Jazz, who was an only dog for six years and still hangs onto that notion, is stand-offish with the other dogs. She flops off by herself and watches the frolicking with tepid interest. She's used to being pampered, not pawed, and she sees no logic in pretending to like Riley's attention.

My sweetie fenced in the yard and put a wire kennel on the back porch for the dogs. Lucy and Riley pile together inside the kennel. There's plenty of room for Jazz, too, but she sleeps outside on the porch by the back door. What can I say? She does not share well; she wants her own space. My sweetie, who understands that every dog is as unique as its paw print, is building her something to fit.
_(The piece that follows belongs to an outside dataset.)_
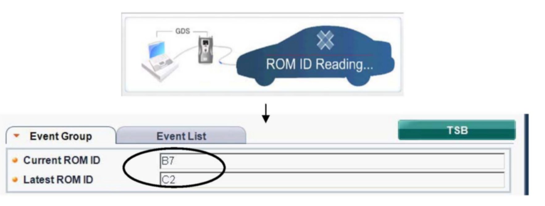 5.5 The GDS will read the ROM ID. Confirm the ROM is applicable as shown on Page 1, "ROM ID Information Table".

When we leave the house for errands, I bribe the dogs with milk bones so they won't whimper and yowl. Lucy gobbles her treat in three bites. Riley takes longer, but he chomps it down pretty fast. Jazz, on the other hand, grabs her treat with her sharp little teeth and retreats under the picnic table. Like a princess having her own private tea party, she mouths the treat and takes tiny bites, making it last. Lucy will eat as many as you give her, but she won't steal from the others. Riley? Well, that's another matter. With his eyes averted, he takes the sand crab approach, walking sideways but moving closer to Jazz. Jazz isn't fooled though, and she growls around the treat that sticks out of her mouth like a slim cigarillo, letting Riley know that she'll take a piece of him before he will get a piece of her treat.
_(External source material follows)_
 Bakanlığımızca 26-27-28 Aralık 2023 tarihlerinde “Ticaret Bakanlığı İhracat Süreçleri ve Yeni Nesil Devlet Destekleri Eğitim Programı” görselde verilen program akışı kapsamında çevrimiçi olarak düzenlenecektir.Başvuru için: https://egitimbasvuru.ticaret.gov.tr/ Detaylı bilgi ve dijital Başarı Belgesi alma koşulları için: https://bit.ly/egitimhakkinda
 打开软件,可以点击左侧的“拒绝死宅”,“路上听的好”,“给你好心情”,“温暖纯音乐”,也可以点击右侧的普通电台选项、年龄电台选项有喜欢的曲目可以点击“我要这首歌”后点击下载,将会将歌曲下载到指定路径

I sit in the backyard with them in the mornings while my sweetie does his man chores. Riley will pounce around the yard with a chewy bone in his mouth as a challenge to Lucy or Jazz. Sometimes Lucy will chase after him. If the chew bone drops and they continue to parry and play, Jazz will walk over, get it, and scoot back where I'm sitting in the shade of a Bartlett pear tree. She'll nestle between my feet and gnaw on the bone, confident that the other two will consider her off limits. Doesn't matter. Riley is more interested in having a good time than in chewing a gnarly old bone crusted with dirt. Lucy tires before Riley and drops in a cool bed of clover. Riley paws at her, trying to get her back in the game, but she ignores him. He gives up and bounces over to the fence to play sentry guard, checking the perimeter. The neighbor's cat, hidden in the monkey grass, is startled to its feet, and Riley howls. All three dogs are suddenly in hot pursuit, but the cat fires through the fence to safety.

My sweetie is a former police officer, so he's adamant about locking the house and securing the gates. He thinks there's an element out there in any community that, given the chance, will rob you blind, so he believes in canceling their chances. I'm more trusting, but my trust is in our dogs. They're sweet and loving and loyal. But I have no doubt, they'd eat you alive before they'd let you burglarize our home. They're territorial and protective. Just ask the cat.

Sunday, March 9, 2014

Lent

Today is the first Sunday in Lent. When I was growing up, my third generation Irish-American Catholic daddy gave up whiskey and my mother gave up chocolates. They laid their sins of the flesh on the altar and white knuckled it for forty days and forty nights.

I sacrificed, too, whatever I loved best at the time, to show Lord Jesus that a third grader, a fifth grader, a ninth grader could suffer in remembrance of his Great Sacrifice. In the early years of my childhood I gave up dessert or Coca-Cola. One year I gave up bickering with my brothers. I assure you, that was no easy task because they could be such bullies.

Another year I thought about giving up gossiping, but  honestly, I can't remember if I actually went through with it. And I would remember because it would have caused an angst that would have been seared in my memory. I was a freshman in high school, and gossip had enormous social cache.

The hardest was giving up cigarettes my junior year in college. I was a journalism major and we smoked in class, peering through the smoky haze as our fingers pecked out stories on Royal typewriters. Trust me, surrounded by the pungent second hand smoke, it was a sacrifice. But the good news is that I didn't pick them up after church on Easter morning. In fact, I didn't smoke for almost two months. But  then final exam time rolled around, and I bought a pack of Marlborough and blew smoke to fight the stress.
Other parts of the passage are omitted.